** Recorded information **
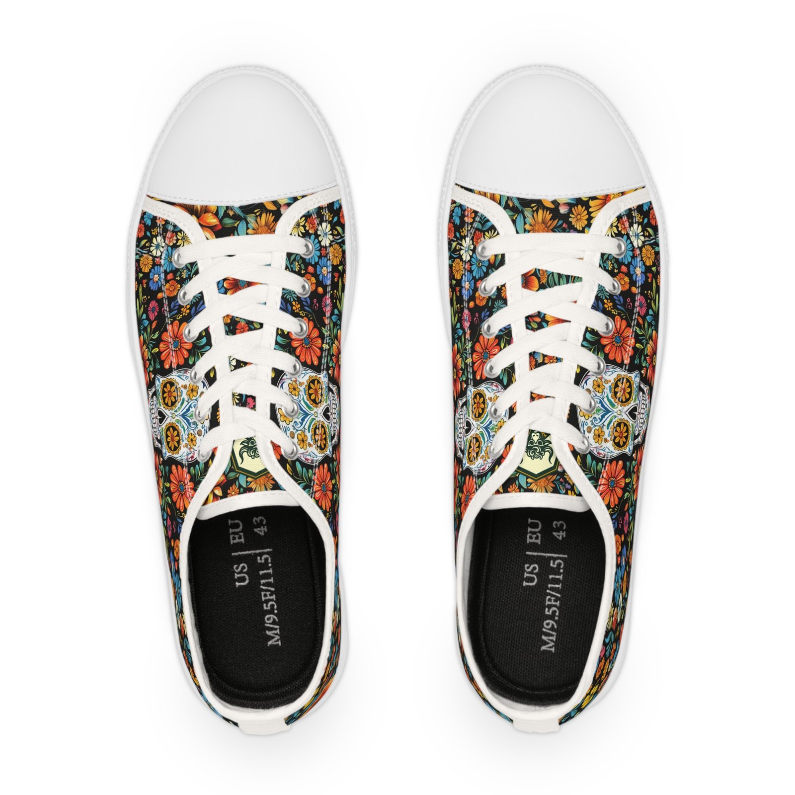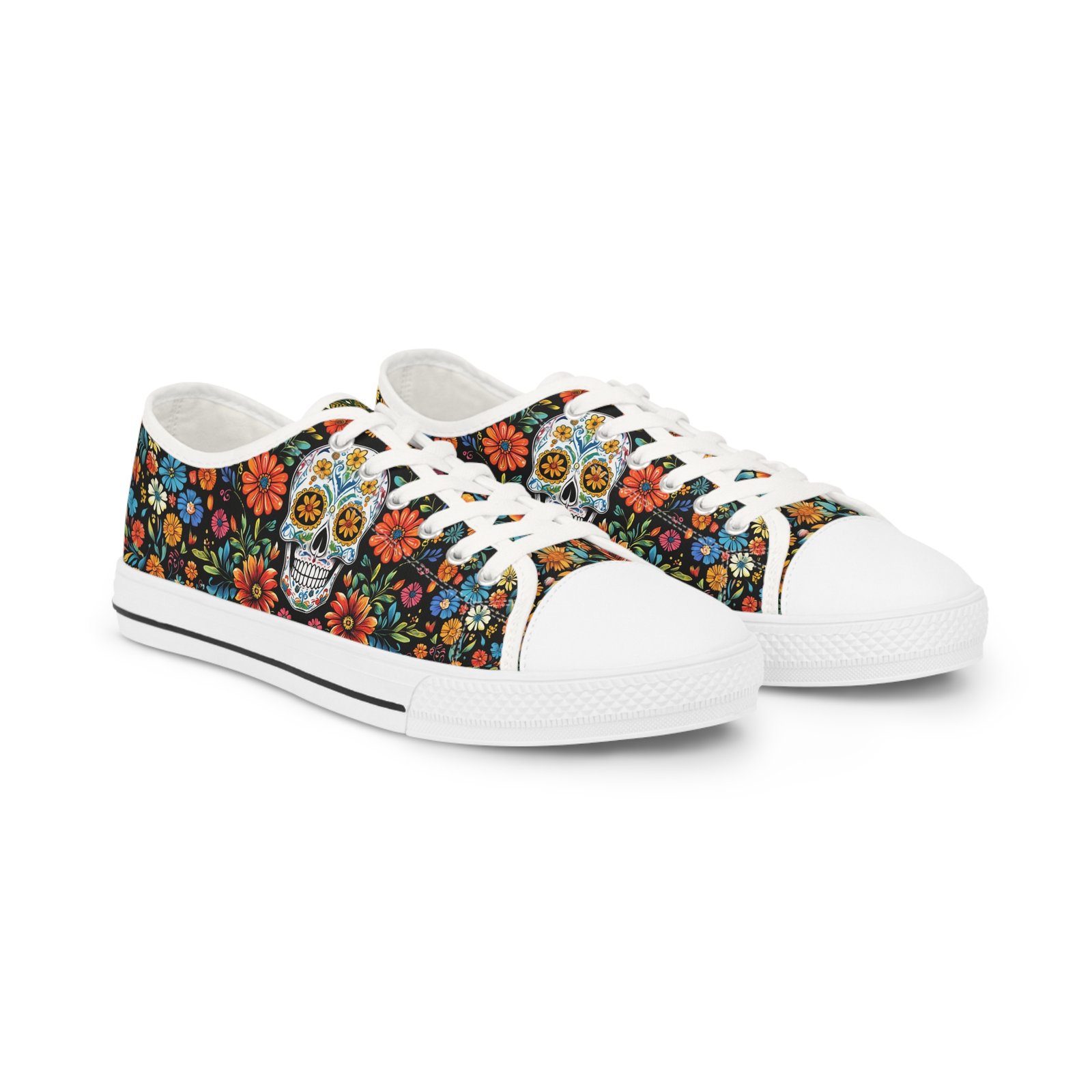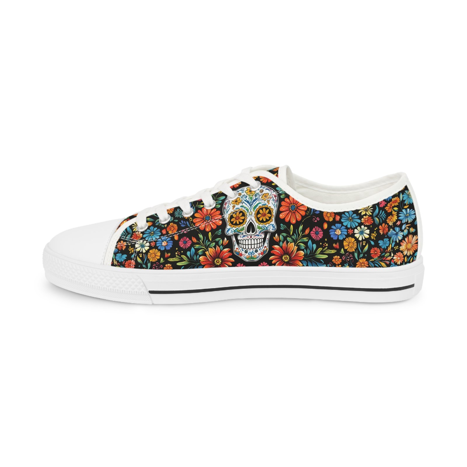 Step boldly and stylishly into the world with these Día de los Muertos-inspired sneakers. Perfect for standing out at festivals, casual outings, or simply adding a touch of cultural charm to your everyday look!
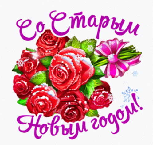 A vibrant bouquet of red roses with a pink bow, wishing 'Happy Old New Year!' in Russian.
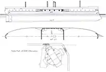 En 1878 sobre su cubierta principal se instalaron dos montajes lanzatorpedos para torpedos Whitehead de 355 mm (14”)
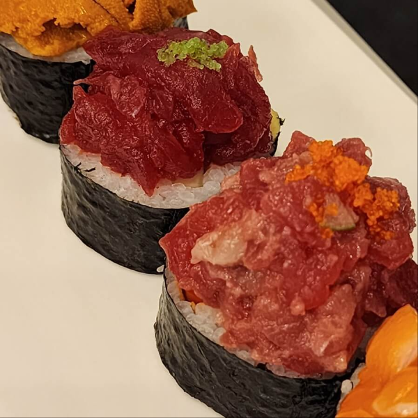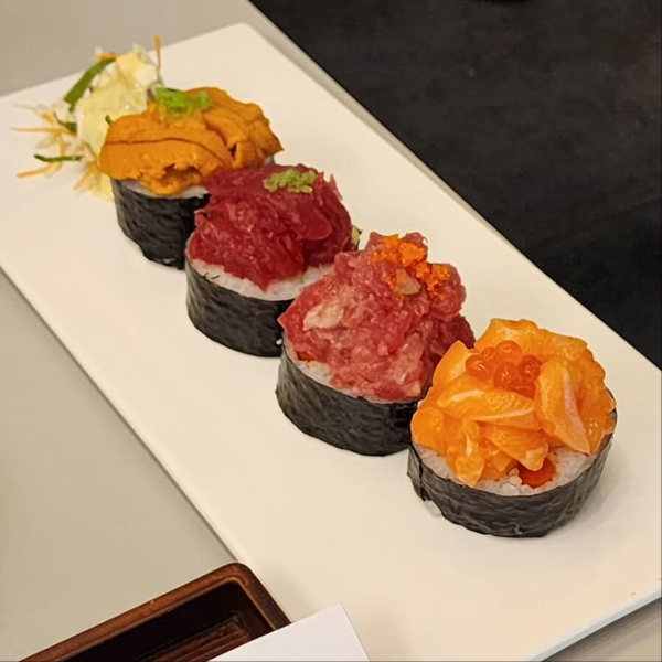 후토마끼 위에 올라 간 우니, 참치, 연어입니다.

** Exercise directions **
Once the pictures are set aside, give the listing again word for word.

** Answer to this problem **
 Step boldly and stylishly into the world with these Día de los Muertos-inspired sneakers. Perfect for standing out at festivals, casual outings, or simply adding a touch of cultural charm to your everyday look!
 A vibrant bouquet of red roses with a pink bow, wishing 'Happy Old New Year!' in Russian.
 En 1878 sobre su cubierta principal se instalaron dos montajes lanzatorpedos para torpedos Whitehead de 355 mm (14”)
 후토마끼 위에 올라 간 우니, 참치, 연어입니다.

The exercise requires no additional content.